От всего этого надрывного и сбивчивого ему сделалось тяжело. Потаскушка, обжигая рыжими прядями, все шептала и шептала взахлеб. Таяло что-то на душе у пана Штычки, испарялось куда-то. Такая была печаль вокруг, что даже скучный декабрь, обдумывавший очередной подвох, заплакал неожиданно, странной по зиме моросью, почти туманом. Который лип ко всему и даже в этом, казалось бы, сострадании доставлял очередные печали и неудобства.

— Может, со мною пойдете, светлая пани? Домик у меня здесь и гороху чуть есть… Проживем! А потом закончится все и ясно все будет. Счастье наступит. Недаром же столько народу за него кладут? Наступит всенепременно, лопни мой глаз! Зарадуемся же все? Ой, как зарадуемся тогда! А до Городу тут рукой…

— Нет… Нет, нет, нет. — прервала она. — ты — хороший, и все. Живи, пан! Нет больше ничего у меня. И не будет далее… Никогда не будет. А у тебя все будет, потому что ты добрый и ищешь. Пусть тебе на все вопросы ответы будут. А мне уже не надо их. Не хочу я этих ответов. Не выдержу я их, потому что мертвая уже. Умерла я, солдатик, вся вышла. Я тот лед видела, видела, видела, понимаешь? Строем их вели, все видела. Глупо, да? Я глупая! Глупая… Строем к полынье, понимаешь? Почему глаза не закрыла? Почему? Почему? Почему?

Сказав это, она затихла бессильно, а потом, встрепенувшись, словно вспугнутая охотником птица, поцеловала его и, сверкнув напоследок пламенем, исчезла навсегда. Леонард потеряно стоял, почти не понимая гудение хлопающего его по плечу печального Никодимыча. Швейцар воровато оглядывался и засовывал ему в руки что-то завернутое в чистую тряпицу. Этот сверток Леонард бессознательно прижал к себе.

А Тимоха, выплывший из окружающего тумана, жал руку и говорил речи, слова которых за ненадобностью были непонятны. Все перед полковым музыкантом казалось мглистым и неверным, лишь скаредная старуха проскрипевшая:

— Денег тебе бы, Штычек, дать. Да у самих покурить осталось.

Та хоть как-то отложилась в памяти, своей постной ложью. Той бессмысленной ложью, от которой ни жарко, ни холодно. Остальные подходившие проститься шумели что-то несуразное, такое, что и запоминать было не с руки. Потаскушки целовали его в щеки, а дебелая сунула в карман шинели горсть конфет.

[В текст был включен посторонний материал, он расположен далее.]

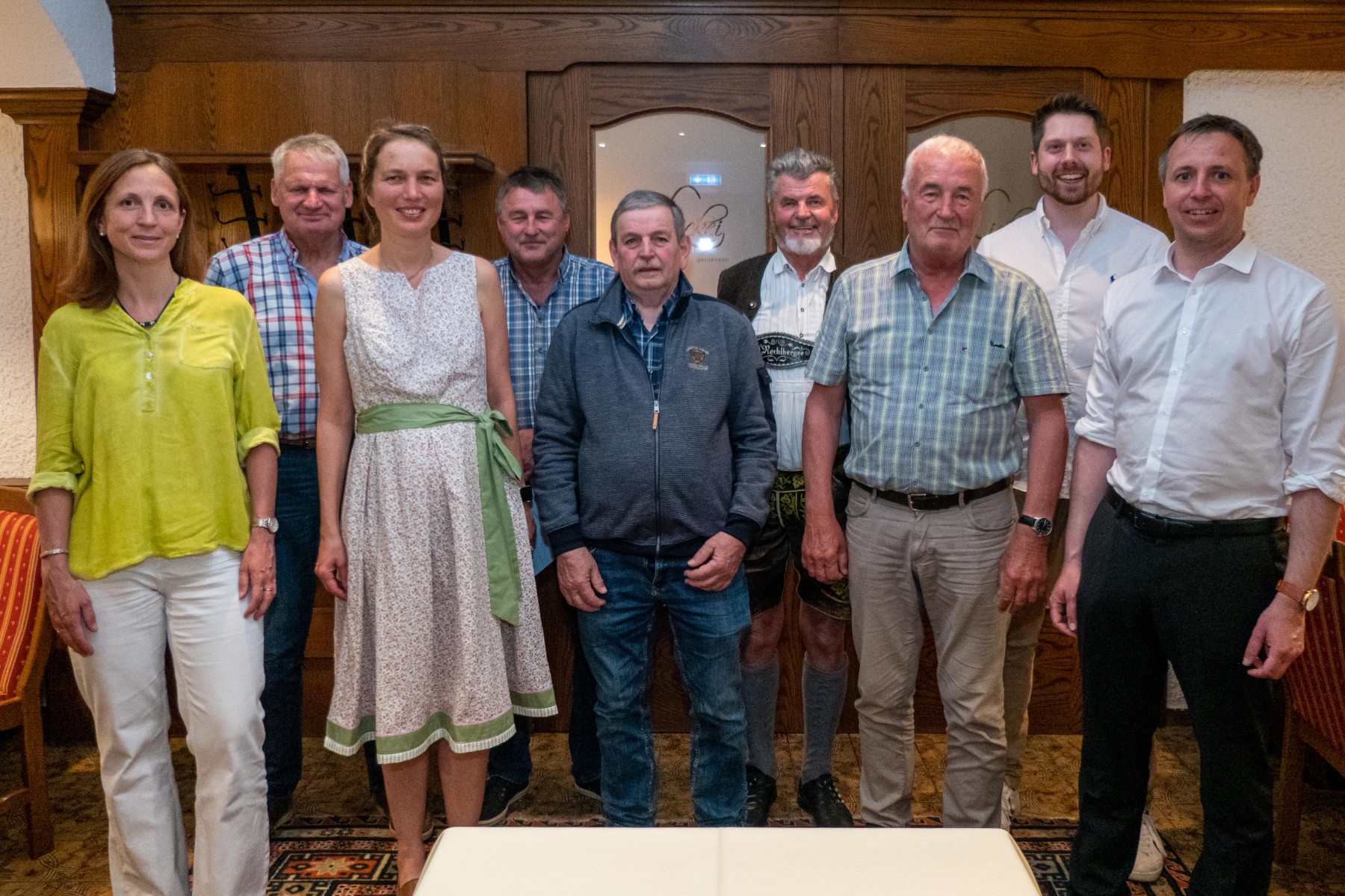 Der Ortsvorsitzende und Zweite Bürgermeister Johannes Weber (zweiter von rechts) freute sich gemeinsam mit dem Stellvertretenden Kreisvorsitzenden und Traunsteiner Oberbürgermeister Dr. Christian Hümmer (erster von rechts) und der weiteren Stellvertretenden Kreisvorsitzenden und Staudach-Egerndacher Ersten Bürgermeisterin Martina Gaukler (erste von links) die Mitgliedschaftsehrungen für die Jahre 2020, 2021 und 2022 vornehmen zu können. Zu den Geehrten gehören unter anderem (weiter im Bild von links) aktiver Landwirt und ehemaliger Obmann des Ortsverbandes Unterwössen im Bayerischen Bauernverband Josef Schuhbeck (2022: 10 Jahre Mitglied), Gemeinderatsmitglied und Sprecherin der Gemeinderatsfraktion des CSU-Ortsverbandes Katharina Wagner (2021: 25 Jahre Mitglied), ehemaliges Gemeinderatsmitglied und aktives Mitglied der Musikkapelle Wössen Anton Aberger (2021: 20 Jahre Mitglied), aktiver Landwirt, ehemaliges Gemeinderatsmitglied, Stellvertretender Vorsitzender der Kreisgruppe Traunstein im Bayerischen Jagdverband e.V. und Vorsitzender des Ortsverbandes Wössen des Sozialverbandes VdK e.V. Josef Kurz-Hörterer (2020: 25 Jahre Mitglied), Gemeinderatsmitglied, ehemaliger Zweiter Bürgermeister, Ehrenvorsitzender des Trachtenvereins d’Rechlberger Oberwössen und Vorsitzender der Privaten Gastgeber im Chiemgau e.V. Bartholomäus Irlinger (2022: 20 Jahre Mitglied), Polizeihauptkommissar a.D., ehemaliger Zweiter Bürgermeister, ehemaliger Kreisrat, Hauptmann der Gebirgsschützenkompanie Wössen/Achental e.V. sowie Vorsitzender des Vorstands der Elektrizitätswerk Oberwössen e.G. Georg Haslberger (2022: 10 Jahre Mitglied). Bild: Ludwig Flug, Unterwössen.
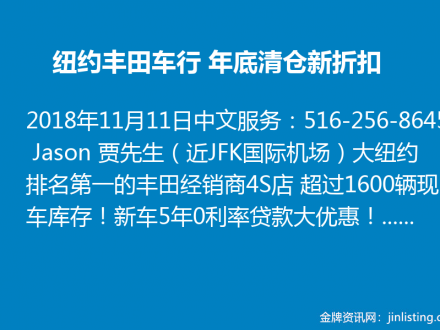 纽约丰田车行Advantage Toyota年底清仓新折扣516-256-8645

Долго стоял он, провожая веселую армию, в которой мадам Фрося, твердо правя лошадьми, переругивалась со своими солдатами:

— Еще раз марафету отроете, высажу за ни дай бог! Пешком пойдете, как барабанщики вшивые. Ногу чешете все время. Манька! Манька, сука такая! Опять помарафетилась? Сколько говорить, что высажу? Что там у нее?

— Носом кровь пошла, мадам, — отвечала смазливая девица, высунувшись из окна возка.

В ответ старуха вертела морковным капором и выражалась непечатно. Ее плешивый сынок, пустив кобылку шагом, склонялся с седла к возку:

— Голову ей запрокиньте. Голову.

Ему что-то неразборчиво отвечали.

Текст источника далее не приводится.